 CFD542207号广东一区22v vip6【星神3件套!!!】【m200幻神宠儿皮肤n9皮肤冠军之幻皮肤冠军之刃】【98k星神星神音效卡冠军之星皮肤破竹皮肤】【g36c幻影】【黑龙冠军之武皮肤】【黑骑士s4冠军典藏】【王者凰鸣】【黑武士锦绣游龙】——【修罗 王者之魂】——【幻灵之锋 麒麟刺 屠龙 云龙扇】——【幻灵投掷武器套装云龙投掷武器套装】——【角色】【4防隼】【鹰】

■ ■ ■ ■ ■ ■ ■

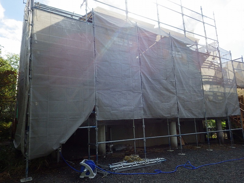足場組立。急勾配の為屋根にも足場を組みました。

■ ■ ■ ■ ■ ■ ■

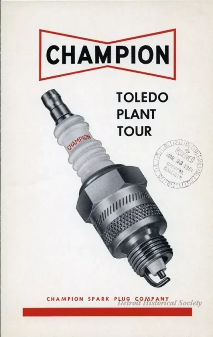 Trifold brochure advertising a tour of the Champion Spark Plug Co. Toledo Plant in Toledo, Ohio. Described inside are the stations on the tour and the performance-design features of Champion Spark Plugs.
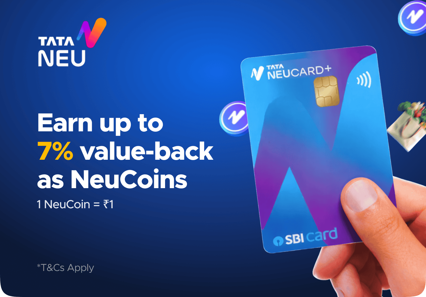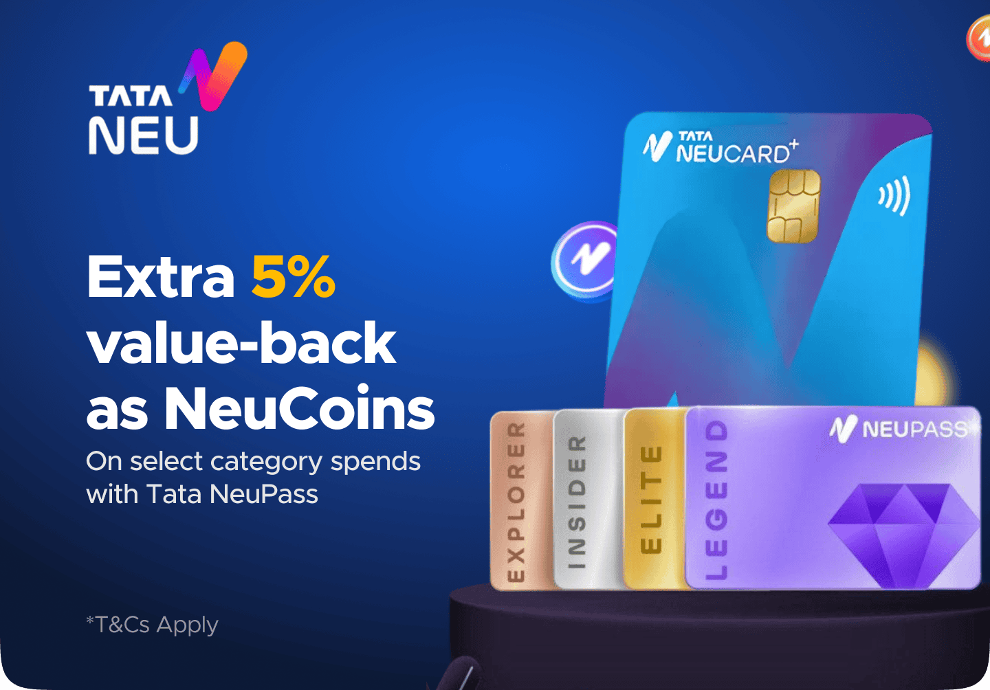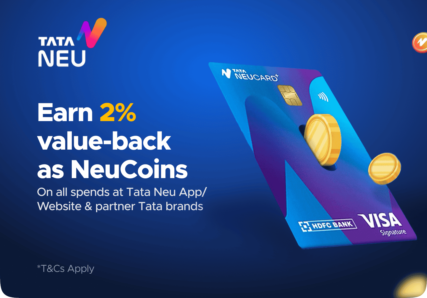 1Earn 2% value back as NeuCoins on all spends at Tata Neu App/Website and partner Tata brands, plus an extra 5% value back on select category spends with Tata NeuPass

■ ■ ■ ■ ■ ■ ■

* Problem statement
Print exactly the lines above that run from the one with "Trifold brochure advertising" to the one with "1Earn 2% value", both included. No pictures.

* Finished task
 Trifold brochure advertising a tour of the Champion Spark Plug Co. Toledo Plant in Toledo, Ohio. Described inside are the stations on the tour and the performance-design features of Champion Spark Plugs.
 1Earn 2% value back as NeuCoins on all spends at Tata Neu App/Website and partner Tata brands, plus an extra 5% value back on select category spends with Tata NeuPass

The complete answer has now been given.